DIRECTIONS:
In the entries below, find the line with "Figure 1: Comparison" and the line with "Newborn sessions are", then retype both and everything between them exactly. Do not copy the pictures.

EXTRACTED ENTRIES:
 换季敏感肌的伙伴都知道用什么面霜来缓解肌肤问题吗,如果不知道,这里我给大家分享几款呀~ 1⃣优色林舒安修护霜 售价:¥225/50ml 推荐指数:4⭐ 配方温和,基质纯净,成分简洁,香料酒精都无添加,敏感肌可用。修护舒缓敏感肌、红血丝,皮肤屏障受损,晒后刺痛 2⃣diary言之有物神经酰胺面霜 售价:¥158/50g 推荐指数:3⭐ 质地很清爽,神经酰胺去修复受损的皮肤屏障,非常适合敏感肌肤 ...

---

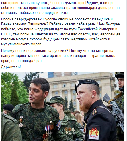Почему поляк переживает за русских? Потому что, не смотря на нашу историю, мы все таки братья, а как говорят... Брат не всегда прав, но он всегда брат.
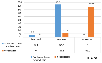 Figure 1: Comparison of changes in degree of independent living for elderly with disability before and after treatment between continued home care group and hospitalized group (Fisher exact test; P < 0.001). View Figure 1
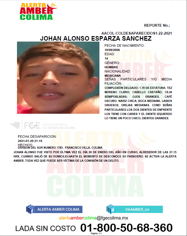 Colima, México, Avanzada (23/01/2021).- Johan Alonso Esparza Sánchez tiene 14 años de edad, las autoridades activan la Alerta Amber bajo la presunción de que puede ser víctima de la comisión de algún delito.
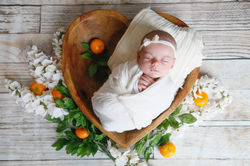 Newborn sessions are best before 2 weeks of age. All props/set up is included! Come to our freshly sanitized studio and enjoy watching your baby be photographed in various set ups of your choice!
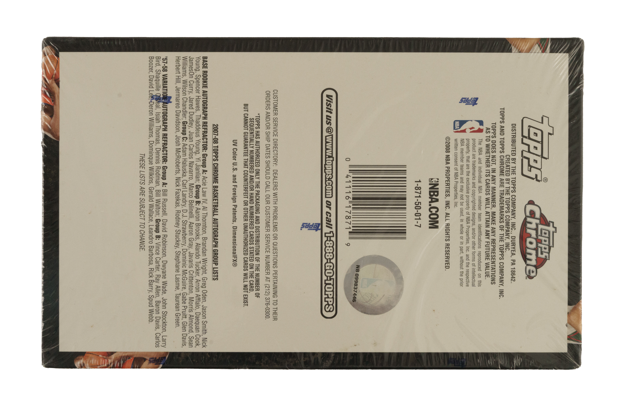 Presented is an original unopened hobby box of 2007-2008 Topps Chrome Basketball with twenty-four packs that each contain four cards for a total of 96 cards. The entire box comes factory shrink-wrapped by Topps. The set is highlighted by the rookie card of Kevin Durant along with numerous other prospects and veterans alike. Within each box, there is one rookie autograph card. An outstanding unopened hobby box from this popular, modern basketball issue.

SOLUTION TO THIS PROBLEM:
 Figure 1: Comparison of changes in degree of independent living for elderly with disability before and after treatment between continued home care group and hospitalized group (Fisher exact test; P < 0.001). View Figure 1
 Colima, México, Avanzada (23/01/2021).- Johan Alonso Esparza Sánchez tiene 14 años de edad, las autoridades activan la Alerta Amber bajo la presunción de que puede ser víctima de la comisión de algún delito.
 Newborn sessions are best before 2 weeks of age. All props/set up is included! Come to our freshly sanitized studio and enjoy watching your baby be photographed in various set ups of your choice!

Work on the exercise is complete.